Huntsman pays shareholders a respectable 2.85% dividend. The $32 Jefferies price target compares with the $26.88 consensus target and the most recent close at $22.77.
This is one of the top health care real estate investment trusts, and it may be one of the safest plays for more conservative accounts. Ventas Inc. (NYSE: VTR) is a fully integrated and self-administered equity REIT that acquires, invests and manages a portfolio of health care real estate across the United States, Canada and the United Kingdom.
The company’s diverse portfolio of approximately 1,200 assets consists of senior housing communities, medical office buildings, university-based research and innovation centers, inpatient rehabilitation and long-term acute care facilities, and health systems. Through its Lillibridge subsidiary, Ventas provides management, leasing, marketing, facility development and advisory services to highly rated hospitals and health systems throughout the United States.
The analysts recently upgraded the shares to Buy and noted this:
Ventas has been dealing with a supply glut in its markets but the data shows a pronounced decline in construction in the company’s markets since first quarter 2019 suggesting a turnaround in results ahead. We conducted various demographic analyses on the portfolios of the Healthcare REITs (population, income, etc.) and the results suggest only modest differences in the portfolio quality among the “Big Three” and implies the 4x valuation discount that Ventas trades to competitors is unwarranted.
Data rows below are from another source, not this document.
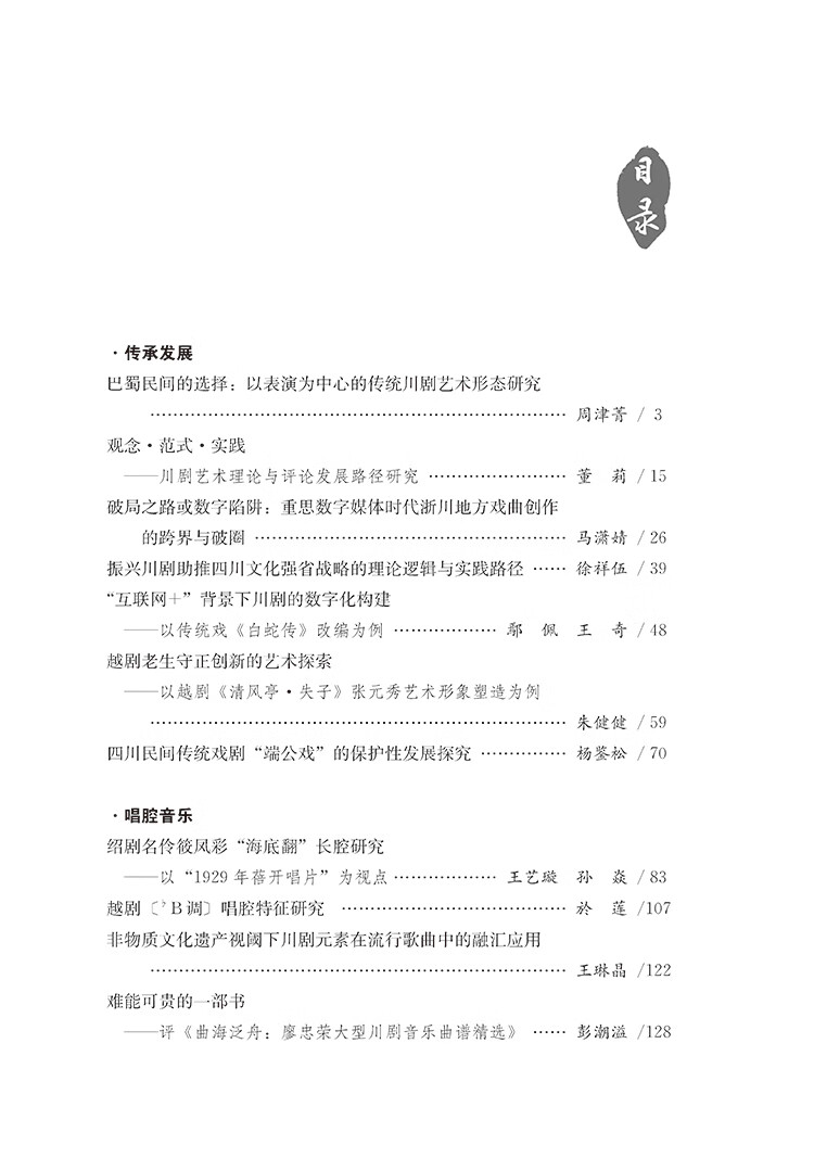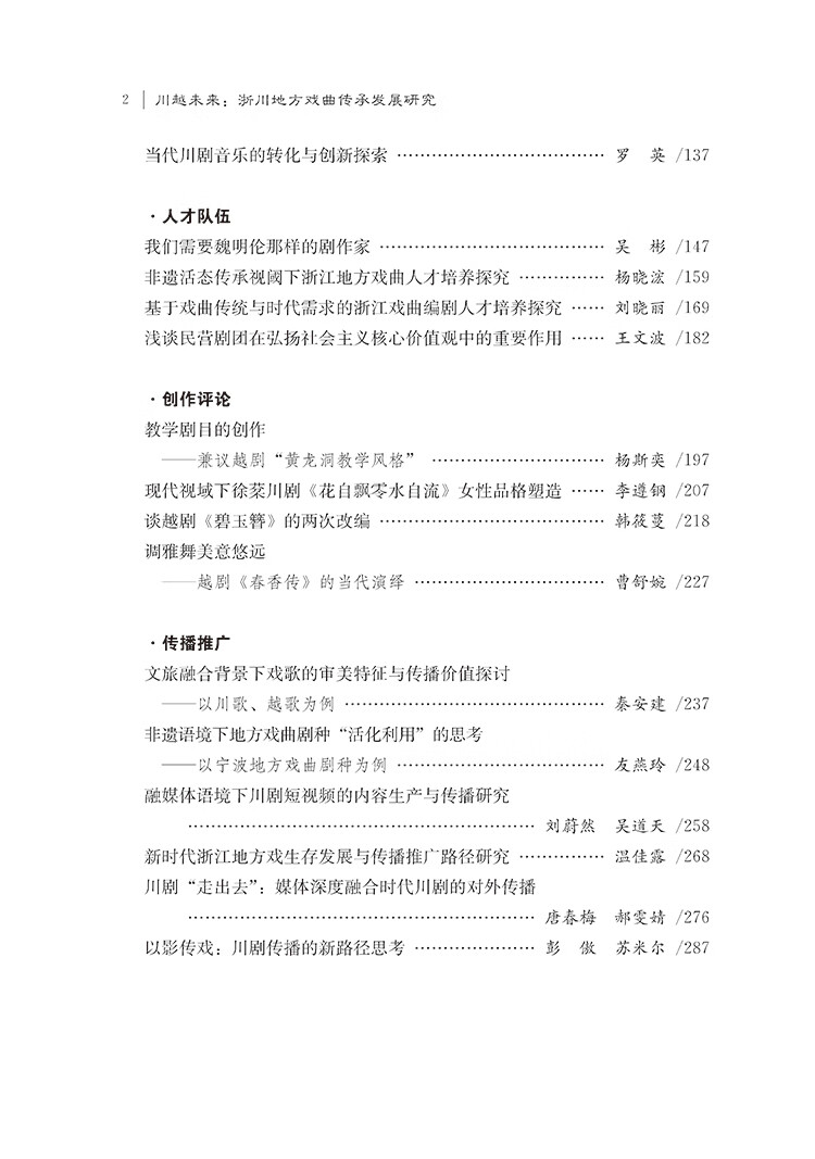 本书为戏剧艺术研究性文集,体现了2023年四川省艺术研究院与浙江省文化和旅游发展研究院共同举办的一系列浙川地方戏曲传承发展学术交流活动形成的理论成果。全书分传承发展、唱腔音乐、人才队伍、创作评论、传播推广几大板块,围绕浙川地方戏曲传承发展的历史经验、面临的机遇与挑战、未来发展方向等方面,展开深入探究,为浙川地方戏曲的繁荣发展提供理论支撑。本书主要面向戏剧艺术创作、研究、管理、教学等方面专家学者、从业者、爱好者等,具有一定的理论及实践价值。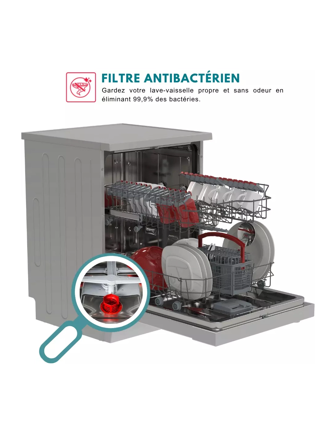 | Autre(s) équipement(s) | Filtre antibactérien, 2 bras gicleurs, 4 supports à tasses ajustables |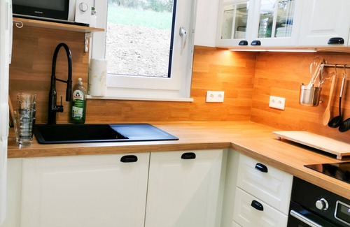 The newly built 2 room apartment has direct access to meadows and fields. It has a fully equipped kitchen including a coffee machine, microwave, dishwasher and much more.

Ventas shareholders receive a very strong 5.33% distribution. Jefferies has set a price target of $68. The posted consensus target is $71.69, and the stock closed most recently at $59.47.
These are four strong value plays that all pay significant dividends. One thing is for sure: the market is very rich and decidedly overbought, and it won’t take much to shake out a significant sell-off. Note how the coronavirus threat shook things up on Tuesday. Taking profits on momentum growth and moving some capital to these safer value plays may be a very timely move.